In the case of the Union Pacific Railway Company vs. Burke, supra, the Supreme Court of the United States, in discussing the question before us, said:
In many cases, from the decision in Hart vs. Pennsylvania R. R. Co. (112 U. S., 331; 28 L. ed., 717; 5 Sup. Ct. Rep., 151, decided in 1884), to Boston and M. R. Co. vs. Piper (246 U. S. 439; 62 L. ed., 820; 38 Sup. Ct. Rep., 354; Ann. cas. 1918E, 469, decided in 1918), it has been declared to be the settled Federal law that if a common carrier gives to a shipper the choice of two rates, the lower of them conditioned upon his agreeing to a stipulated valuation of his property in case of loss, even by the carrier's negligence, if the shipper makes such a choice, understandingly and freely, and names his valuation, he cannot thereafter recover more than the value which he thus places upon his property.
As a matter of legal distinction, estoppel is made the basis of this ruling, — that, having accepted the benefit of the lower rate, in common honesty the shipper may not repudiate the conditions on which it was obtained, — but the rule and the effect of it are clearly established.
This court has consistently held the law to be that it is against public policy to permit a common carrier to limit its common-law liability by contracting for exemption from the consequences of his own negligence or that of its servants (112 U. S., 331, 338, and 246 U. S., 439, 444, supra), and valuation agreements have been sustained only on principles of estoppel, and in carefully restricted cases where choice of rates was given, — where "the rate was tied to the release." Thus in the Hart Case (p. 343), it is said:
"The distinct ground of our decision in the case at bar is, that where a contract of the kind, signed by the shipper, is fairly made, agreeing on the valuation of the property carried, with the rate of freight based on the condition that the carrier assumes liability only to the extent of the agreed valuation, even in case of loss or damage her the negligence of the carrier, the contract will be upheld as a proper and lawful mode of securing a due proportion between the amount for which the carrier may be responsible and the freight he receives, and of protecting himself against extravagant and fanciful valuations."

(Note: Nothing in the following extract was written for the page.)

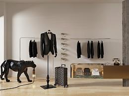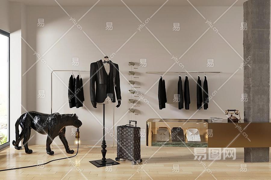 现代西装店展示区 西装模特 西装橱窗 复古电话 灯饰摆件
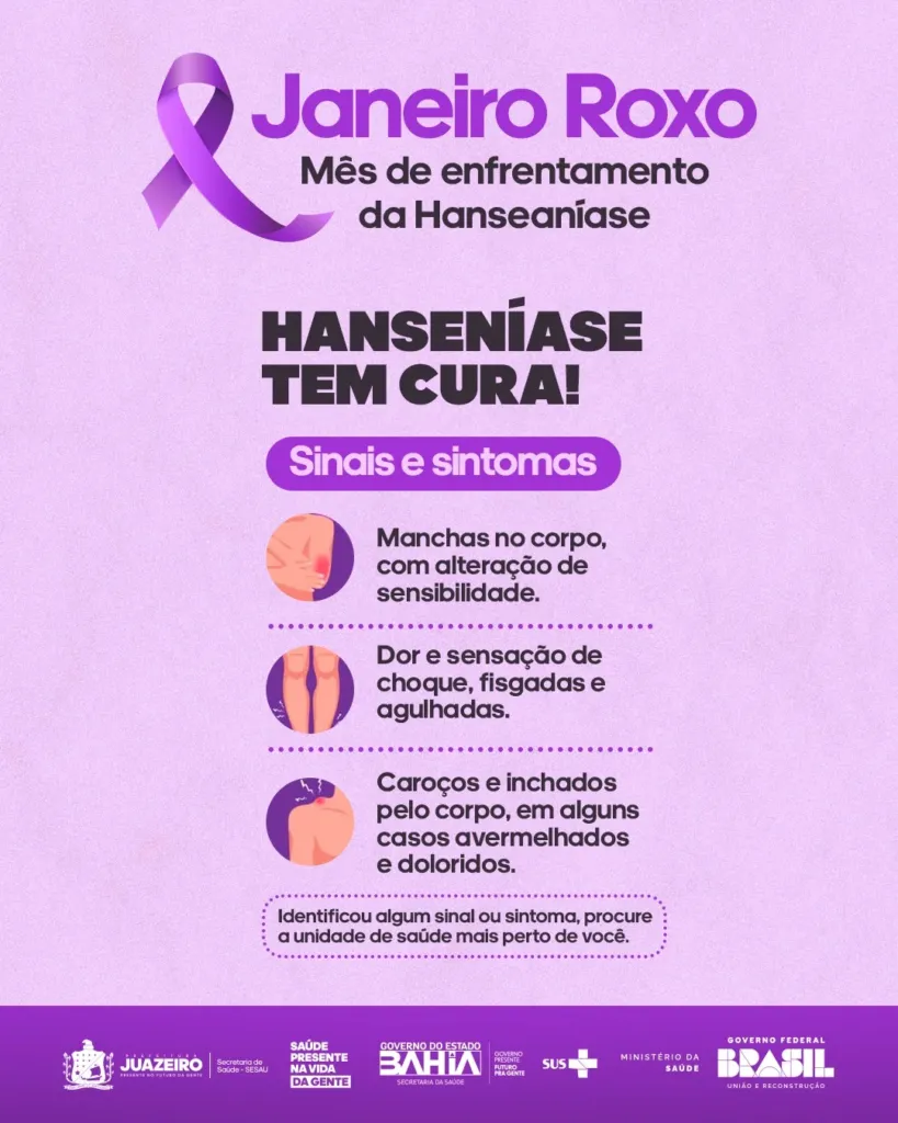 A Secretaria Municipal de Saúde de Juazeiro (Sesau) reforça, durante o mês de janeiro, a importância da campanha Janeiro Roxo, dedicada à conscientização, prevenção, diagnóstico precoce e tratamento da hanseníase. A doença, que ainda registra casos no Brasil, tem cura e o tratamento é gratuito, ofertado pelo Sistema Único de Saúde (SUS).

In the case of Boston and M. R. Co. vs. Piper (246 U. S., 439), it was said:
In the previous decisions of this court upon the subject it has been said that the limited valuation for which a recovery may be had does not permit the carrier to defeat recovery because of losses arising from its own negligence, but serves to fix the amount of recovery upon an agreed valuation made in consideration of the lower rate stipulated to be paid for the service.
For all of the foregoing reasons the judgment of the lower court should be affirmed, without any finding as to costs in this instance. So ordered.
Araullo, Street, Avanceña and Villamor, JJ., concur.